SUPPLIED ENTRIES Start Marker

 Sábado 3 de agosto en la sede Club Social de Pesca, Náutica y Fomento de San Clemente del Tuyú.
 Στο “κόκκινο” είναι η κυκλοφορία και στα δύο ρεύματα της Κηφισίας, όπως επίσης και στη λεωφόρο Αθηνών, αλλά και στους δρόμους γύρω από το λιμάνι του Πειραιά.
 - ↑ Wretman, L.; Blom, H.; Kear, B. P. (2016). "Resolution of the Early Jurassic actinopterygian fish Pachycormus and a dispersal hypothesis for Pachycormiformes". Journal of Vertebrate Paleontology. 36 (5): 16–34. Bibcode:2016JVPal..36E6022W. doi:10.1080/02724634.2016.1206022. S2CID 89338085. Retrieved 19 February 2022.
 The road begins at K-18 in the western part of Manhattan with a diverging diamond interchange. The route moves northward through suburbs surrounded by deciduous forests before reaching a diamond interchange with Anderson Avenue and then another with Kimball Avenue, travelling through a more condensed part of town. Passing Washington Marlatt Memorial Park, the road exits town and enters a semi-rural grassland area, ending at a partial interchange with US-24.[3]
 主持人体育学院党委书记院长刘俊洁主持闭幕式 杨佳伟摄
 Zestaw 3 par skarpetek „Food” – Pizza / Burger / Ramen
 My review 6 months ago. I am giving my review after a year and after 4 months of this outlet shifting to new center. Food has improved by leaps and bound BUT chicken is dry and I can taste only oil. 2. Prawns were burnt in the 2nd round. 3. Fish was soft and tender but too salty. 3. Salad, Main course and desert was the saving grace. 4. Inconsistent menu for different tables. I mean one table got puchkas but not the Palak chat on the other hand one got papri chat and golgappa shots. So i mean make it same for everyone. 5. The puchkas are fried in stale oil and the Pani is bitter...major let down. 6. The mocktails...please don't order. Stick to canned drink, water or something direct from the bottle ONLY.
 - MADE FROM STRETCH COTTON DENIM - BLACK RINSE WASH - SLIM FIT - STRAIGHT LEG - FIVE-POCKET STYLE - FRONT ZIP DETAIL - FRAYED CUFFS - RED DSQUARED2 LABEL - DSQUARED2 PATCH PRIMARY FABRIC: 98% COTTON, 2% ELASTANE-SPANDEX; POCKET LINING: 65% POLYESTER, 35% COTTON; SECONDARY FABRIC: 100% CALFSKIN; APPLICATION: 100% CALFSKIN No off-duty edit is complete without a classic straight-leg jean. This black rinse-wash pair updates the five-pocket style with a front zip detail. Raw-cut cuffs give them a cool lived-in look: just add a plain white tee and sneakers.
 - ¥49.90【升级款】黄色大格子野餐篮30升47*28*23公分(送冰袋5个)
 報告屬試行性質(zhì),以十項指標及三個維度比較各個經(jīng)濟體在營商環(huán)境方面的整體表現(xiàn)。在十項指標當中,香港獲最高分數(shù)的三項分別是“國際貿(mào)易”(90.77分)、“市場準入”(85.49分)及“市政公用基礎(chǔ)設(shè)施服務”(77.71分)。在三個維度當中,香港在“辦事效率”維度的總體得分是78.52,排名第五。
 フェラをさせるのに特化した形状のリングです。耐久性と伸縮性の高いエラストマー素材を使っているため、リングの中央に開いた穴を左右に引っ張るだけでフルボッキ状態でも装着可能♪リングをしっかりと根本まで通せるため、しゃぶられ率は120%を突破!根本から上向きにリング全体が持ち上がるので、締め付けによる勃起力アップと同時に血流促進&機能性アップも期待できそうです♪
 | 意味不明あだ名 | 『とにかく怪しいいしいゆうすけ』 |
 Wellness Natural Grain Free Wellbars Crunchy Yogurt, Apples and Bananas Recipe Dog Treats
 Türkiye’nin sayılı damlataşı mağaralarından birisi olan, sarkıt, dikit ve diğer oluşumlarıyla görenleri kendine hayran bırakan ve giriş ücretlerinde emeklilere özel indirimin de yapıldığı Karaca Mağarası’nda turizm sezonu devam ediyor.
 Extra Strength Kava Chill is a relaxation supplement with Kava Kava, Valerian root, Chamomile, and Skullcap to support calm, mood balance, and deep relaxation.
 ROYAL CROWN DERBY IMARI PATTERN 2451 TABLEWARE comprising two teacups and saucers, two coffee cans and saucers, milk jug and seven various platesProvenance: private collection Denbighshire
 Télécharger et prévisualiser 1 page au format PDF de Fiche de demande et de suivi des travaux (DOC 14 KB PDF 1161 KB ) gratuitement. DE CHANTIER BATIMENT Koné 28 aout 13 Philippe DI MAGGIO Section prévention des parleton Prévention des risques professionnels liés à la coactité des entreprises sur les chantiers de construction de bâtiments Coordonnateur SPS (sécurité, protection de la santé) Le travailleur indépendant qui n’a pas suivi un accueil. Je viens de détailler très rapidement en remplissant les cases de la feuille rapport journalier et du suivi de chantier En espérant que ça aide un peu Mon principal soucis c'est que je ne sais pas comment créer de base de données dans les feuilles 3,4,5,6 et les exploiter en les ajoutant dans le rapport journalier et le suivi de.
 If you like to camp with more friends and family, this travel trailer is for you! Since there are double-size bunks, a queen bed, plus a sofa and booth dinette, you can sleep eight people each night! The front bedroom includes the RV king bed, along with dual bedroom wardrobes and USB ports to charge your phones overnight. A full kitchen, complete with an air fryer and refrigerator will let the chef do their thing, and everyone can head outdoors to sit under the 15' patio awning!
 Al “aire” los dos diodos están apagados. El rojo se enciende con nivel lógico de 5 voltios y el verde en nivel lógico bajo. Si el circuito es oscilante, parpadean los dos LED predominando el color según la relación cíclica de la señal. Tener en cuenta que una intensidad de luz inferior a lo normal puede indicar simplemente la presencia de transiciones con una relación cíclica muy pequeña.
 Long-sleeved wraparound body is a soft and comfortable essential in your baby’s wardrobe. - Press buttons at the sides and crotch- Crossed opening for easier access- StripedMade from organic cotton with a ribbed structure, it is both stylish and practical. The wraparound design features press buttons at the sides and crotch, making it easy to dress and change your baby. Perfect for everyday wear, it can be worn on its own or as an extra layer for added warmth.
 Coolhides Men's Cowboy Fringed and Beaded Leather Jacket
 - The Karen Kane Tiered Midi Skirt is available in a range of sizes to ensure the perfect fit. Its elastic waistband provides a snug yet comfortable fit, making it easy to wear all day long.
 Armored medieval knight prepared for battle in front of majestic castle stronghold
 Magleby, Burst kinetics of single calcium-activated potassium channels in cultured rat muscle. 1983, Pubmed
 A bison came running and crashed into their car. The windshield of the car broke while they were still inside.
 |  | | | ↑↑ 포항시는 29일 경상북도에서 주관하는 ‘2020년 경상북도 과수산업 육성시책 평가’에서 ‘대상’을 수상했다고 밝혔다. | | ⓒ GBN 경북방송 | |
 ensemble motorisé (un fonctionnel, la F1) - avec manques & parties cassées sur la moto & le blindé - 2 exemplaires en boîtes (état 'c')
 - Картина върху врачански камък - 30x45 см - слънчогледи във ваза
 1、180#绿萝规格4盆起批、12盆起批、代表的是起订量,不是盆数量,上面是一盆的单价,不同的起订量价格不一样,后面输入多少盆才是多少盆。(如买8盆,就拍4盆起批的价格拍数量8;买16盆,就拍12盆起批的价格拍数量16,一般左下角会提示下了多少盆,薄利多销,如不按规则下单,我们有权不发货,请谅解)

SUPPLIED ENTRIES End Marker

PROBLEM STATEMENT :: Retype every line of the data, keeping each one exactly as it is.

RESPONSE TO THE EXERCISE ::
 Sábado 3 de agosto en la sede Club Social de Pesca, Náutica y Fomento de San Clemente del Tuyú.
 Στο “κόκκινο” είναι η κυκλοφορία και στα δύο ρεύματα της Κηφισίας, όπως επίσης και στη λεωφόρο Αθηνών, αλλά και στους δρόμους γύρω από το λιμάνι του Πειραιά.
 - ↑ Wretman, L.; Blom, H.; Kear, B. P. (2016). "Resolution of the Early Jurassic actinopterygian fish Pachycormus and a dispersal hypothesis for Pachycormiformes". Journal of Vertebrate Paleontology. 36 (5): 16–34. Bibcode:2016JVPal..36E6022W. doi:10.1080/02724634.2016.1206022. S2CID 89338085. Retrieved 19 February 2022.
 The road begins at K-18 in the western part of Manhattan with a diverging diamond interchange. The route moves northward through suburbs surrounded by deciduous forests before reaching a diamond interchange with Anderson Avenue and then another with Kimball Avenue, travelling through a more condensed part of town. Passing Washington Marlatt Memorial Park, the road exits town and enters a semi-rural grassland area, ending at a partial interchange with US-24.[3]
 主持人体育学院党委书记院长刘俊洁主持闭幕式 杨佳伟摄
 Zestaw 3 par skarpetek „Food” – Pizza / Burger / Ramen
 My review 6 months ago. I am giving my review after a year and after 4 months of this outlet shifting to new center. Food has improved by leaps and bound BUT chicken is dry and I can taste only oil. 2. Prawns were burnt in the 2nd round. 3. Fish was soft and tender but too salty. 3. Salad, Main course and desert was the saving grace. 4. Inconsistent menu for different tables. I mean one table got puchkas but not the Palak chat on the other hand one got papri chat and golgappa shots. So i mean make it same for everyone. 5. The puchkas are fried in stale oil and the Pani is bitter...major let down. 6. The mocktails...please don't order. Stick to canned drink, water or something direct from the bottle ONLY.
 - MADE FROM STRETCH COTTON DENIM - BLACK RINSE WASH - SLIM FIT - STRAIGHT LEG - FIVE-POCKET STYLE - FRONT ZIP DETAIL - FRAYED CUFFS - RED DSQUARED2 LABEL - DSQUARED2 PATCH PRIMARY FABRIC: 98% COTTON, 2% ELASTANE-SPANDEX; POCKET LINING: 65% POLYESTER, 35% COTTON; SECONDARY FABRIC: 100% CALFSKIN; APPLICATION: 100% CALFSKIN No off-duty edit is complete without a classic straight-leg jean. This black rinse-wash pair updates the five-pocket style with a front zip detail. Raw-cut cuffs give them a cool lived-in look: just add a plain white tee and sneakers.
 - ¥49.90【升级款】黄色大格子野餐篮30升47*28*23公分(送冰袋5个)
 報告屬試行性質(zhì),以十項指標及三個維度比較各個經(jīng)濟體在營商環(huán)境方面的整體表現(xiàn)。在十項指標當中,香港獲最高分數(shù)的三項分別是“國際貿(mào)易”(90.77分)、“市場準入”(85.49分)及“市政公用基礎(chǔ)設(shè)施服務”(77.71分)。在三個維度當中,香港在“辦事效率”維度的總體得分是78.52,排名第五。
 フェラをさせるのに特化した形状のリングです。耐久性と伸縮性の高いエラストマー素材を使っているため、リングの中央に開いた穴を左右に引っ張るだけでフルボッキ状態でも装着可能♪リングをしっかりと根本まで通せるため、しゃぶられ率は120%を突破!根本から上向きにリング全体が持ち上がるので、締め付けによる勃起力アップと同時に血流促進&機能性アップも期待できそうです♪
 | 意味不明あだ名 | 『とにかく怪しいいしいゆうすけ』 |
 Wellness Natural Grain Free Wellbars Crunchy Yogurt, Apples and Bananas Recipe Dog Treats
 Türkiye’nin sayılı damlataşı mağaralarından birisi olan, sarkıt, dikit ve diğer oluşumlarıyla görenleri kendine hayran bırakan ve giriş ücretlerinde emeklilere özel indirimin de yapıldığı Karaca Mağarası’nda turizm sezonu devam ediyor.
 Extra Strength Kava Chill is a relaxation supplement with Kava Kava, Valerian root, Chamomile, and Skullcap to support calm, mood balance, and deep relaxation.
 ROYAL CROWN DERBY IMARI PATTERN 2451 TABLEWARE comprising two teacups and saucers, two coffee cans and saucers, milk jug and seven various platesProvenance: private collection Denbighshire
 Télécharger et prévisualiser 1 page au format PDF de Fiche de demande et de suivi des travaux (DOC 14 KB PDF 1161 KB ) gratuitement. DE CHANTIER BATIMENT Koné 28 aout 13 Philippe DI MAGGIO Section prévention des parleton Prévention des risques professionnels liés à la coactité des entreprises sur les chantiers de construction de bâtiments Coordonnateur SPS (sécurité, protection de la santé) Le travailleur indépendant qui n’a pas suivi un accueil. Je viens de détailler très rapidement en remplissant les cases de la feuille rapport journalier et du suivi de chantier En espérant que ça aide un peu Mon principal soucis c'est que je ne sais pas comment créer de base de données dans les feuilles 3,4,5,6 et les exploiter en les ajoutant dans le rapport journalier et le suivi de.
 If you like to camp with more friends and family, this travel trailer is for you! Since there are double-size bunks, a queen bed, plus a sofa and booth dinette, you can sleep eight people each night! The front bedroom includes the RV king bed, along with dual bedroom wardrobes and USB ports to charge your phones overnight. A full kitchen, complete with an air fryer and refrigerator will let the chef do their thing, and everyone can head outdoors to sit under the 15' patio awning!
 Al “aire” los dos diodos están apagados. El rojo se enciende con nivel lógico de 5 voltios y el verde en nivel lógico bajo. Si el circuito es oscilante, parpadean los dos LED predominando el color según la relación cíclica de la señal. Tener en cuenta que una intensidad de luz inferior a lo normal puede indicar simplemente la presencia de transiciones con una relación cíclica muy pequeña.
 Long-sleeved wraparound body is a soft and comfortable essential in your baby’s wardrobe. - Press buttons at the sides and crotch- Crossed opening for easier access- StripedMade from organic cotton with a ribbed structure, it is both stylish and practical. The wraparound design features press buttons at the sides and crotch, making it easy to dress and change your baby. Perfect for everyday wear, it can be worn on its own or as an extra layer for added warmth.
 Coolhides Men's Cowboy Fringed and Beaded Leather Jacket
 - The Karen Kane Tiered Midi Skirt is available in a range of sizes to ensure the perfect fit. Its elastic waistband provides a snug yet comfortable fit, making it easy to wear all day long.
 Armored medieval knight prepared for battle in front of majestic castle stronghold
 Magleby, Burst kinetics of single calcium-activated potassium channels in cultured rat muscle. 1983, Pubmed
 A bison came running and crashed into their car. The windshield of the car broke while they were still inside.
 |  | | | ↑↑ 포항시는 29일 경상북도에서 주관하는 ‘2020년 경상북도 과수산업 육성시책 평가’에서 ‘대상’을 수상했다고 밝혔다. | | ⓒ GBN 경북방송 | |
 ensemble motorisé (un fonctionnel, la F1) - avec manques & parties cassées sur la moto & le blindé - 2 exemplaires en boîtes (état 'c')
 - Картина върху врачански камък - 30x45 см - слънчогледи във ваза
 1、180#绿萝规格4盆起批、12盆起批、代表的是起订量,不是盆数量,上面是一盆的单价,不同的起订量价格不一样,后面输入多少盆才是多少盆。(如买8盆,就拍4盆起批的价格拍数量8;买16盆,就拍12盆起批的价格拍数量16,一般左下角会提示下了多少盆,薄利多销,如不按规则下单,我们有权不发货,请谅解)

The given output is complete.